Including Information Dictionary to the File’s Header
That is the final operate to be created. It can:
- Get the info dictionary
json
from the earlier step and the unique Excel file. - Add the info dictionary to the file’s header as feedback.
- Save the output file.
- As soon as the file is saved, it shows a obtain button for the consumer to get the modified file.
def add_comments_to_header(file_path:str, data_dict:dict="data_dict.json"):
"""
Use this software so as to add the info dictionary {data_dict.json} as feedback to the header of an Excel file and save the output file.
The operate takes the Excel file path as argument and provides the {data_dict.json} as feedback to every cell
Begin counting from column 0
within the first row of the Excel file, utilizing the next format:
* Column Quantity:
* Column Title:
* Information Kind:
* Description:
Parameters
----------
* file_path : str
The trail to the Excel file to be processed
* data_dict : dict
The info dictionary containing the column quantity, column title, information kind, description, and variety of null values
"""
# Load the info dictionary
data_dict = json.load(open(data_dict))
# Load the workbook
wb = load_workbook(file_path)
# Get the lively worksheet
ws = wb.lively
# Iterate over every column within the first row (header)
for n, col in enumerate(ws.iter_cols(min_row=1, max_row=1)):
for header_cell in col:
header_cell.remark = Remark(dedent(f"""
ColName: {data_dict[str(n)]['ColName']},
DataType: {data_dict[str(n)]['DataType']},
Description: {data_dict[str(n)]['Description']}
"""),'AI Agent')
# Save the workbook
st.write("Saving File... :floppy_disk:")
wb.save('output.xlsx')
# Create a obtain button
with open('output.xlsx', 'rb') as f:
st.download_button(
label="Obtain output.xlsx",
information=f,
file_name='output.xlsx',
mime='software/vnd.openxmlformats-officedocument.spreadsheetml.sheet'
)
Okay. The subsequent step is to attach all of this collectively on a Streamlit front-end script.
Streamlit Entrance-Finish
On this step, I might have created a unique file for the front-end and imported the features in there.

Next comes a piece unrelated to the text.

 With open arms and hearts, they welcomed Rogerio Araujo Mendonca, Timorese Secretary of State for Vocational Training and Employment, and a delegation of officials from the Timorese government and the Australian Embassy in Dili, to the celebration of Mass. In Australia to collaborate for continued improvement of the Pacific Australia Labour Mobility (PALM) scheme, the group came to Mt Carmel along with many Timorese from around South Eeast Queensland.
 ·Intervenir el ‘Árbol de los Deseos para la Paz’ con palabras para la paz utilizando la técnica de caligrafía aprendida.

However I made a decision to make use of the identical file, so let’s begin with the well-known:
if __name__ == "__main__":
First, a few traces to configure the web page and messages displayed within the Internet Utility. We are going to use the content material centered
on the web page, and there may be some details about how the App works.

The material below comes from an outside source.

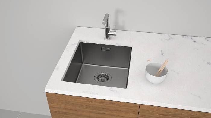 Кухонная мойка из нержавеющей стали Paulmark Yuni 39 Uni YU39-GM вороненая сталь 390х440 мм
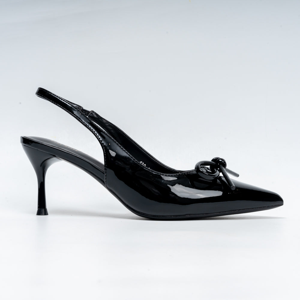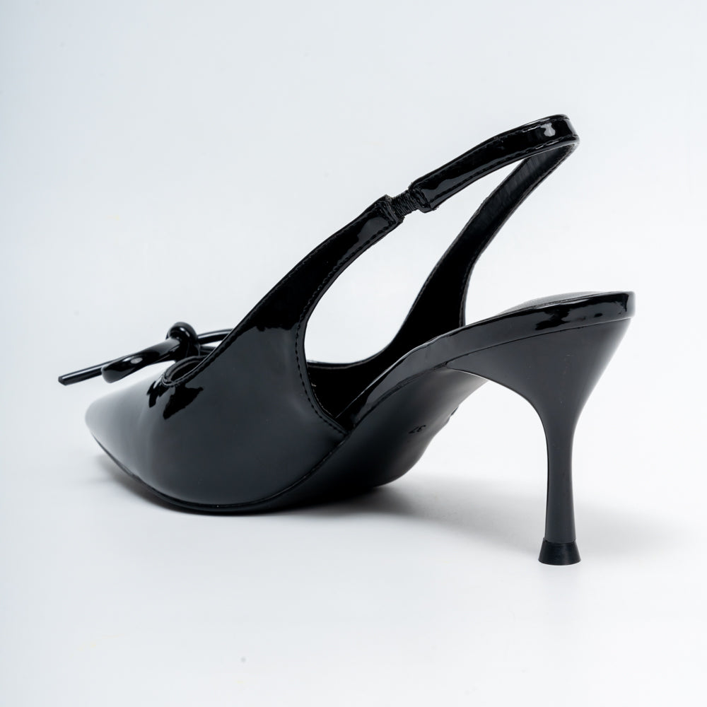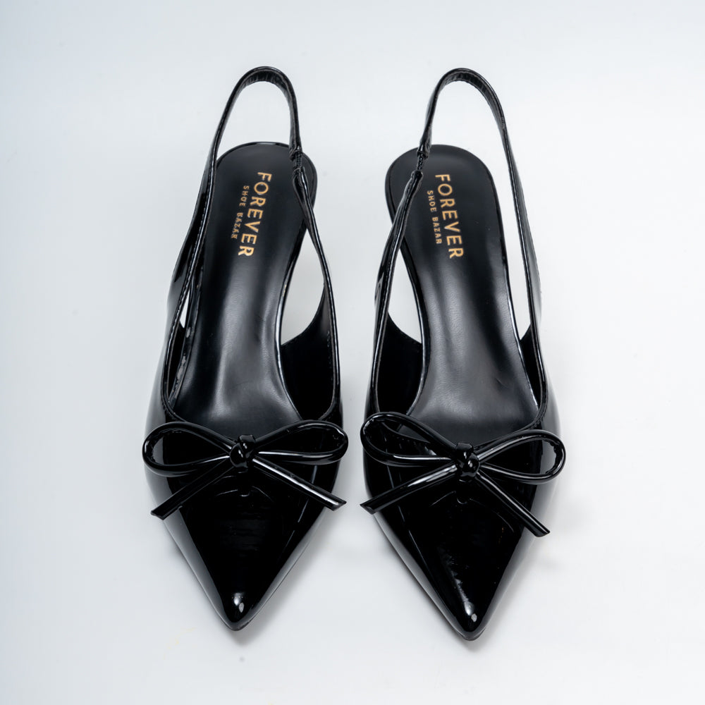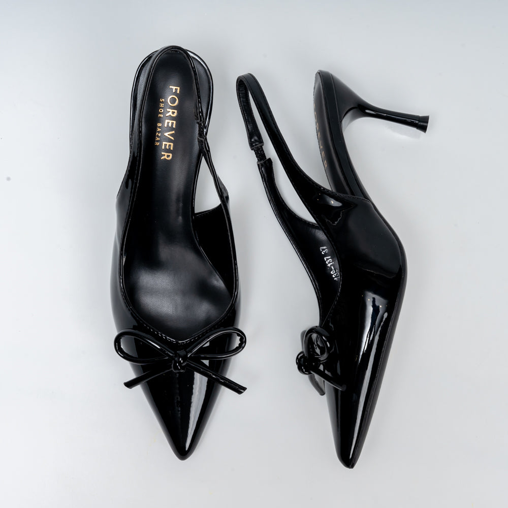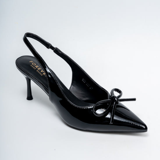 These Amethyst Allure - Black Casual Heels feature a sleek pointed toe and are accented with an elegant front bow for a feminine touch. The glossy finish adds instant polish to your look, complemented by a supportive slingback strap and a comfortable cushioned footbed. Designed for a secure fit and versatile style, these heels are perfect for both day and night outings.

# Config web page Streamlit
st.set_page_config(format="centered",
page_title="Information Docs",
page_icon=":paperclip:",
initial_sidebar_state="expanded")
# Title
st.title("Information Docs :paperclip:")
st.subheader("Generate an information dictionary in your Excel file.")
st.caption("1. Enter your Gemini API key and the trail of the Excel file on the sidebar.")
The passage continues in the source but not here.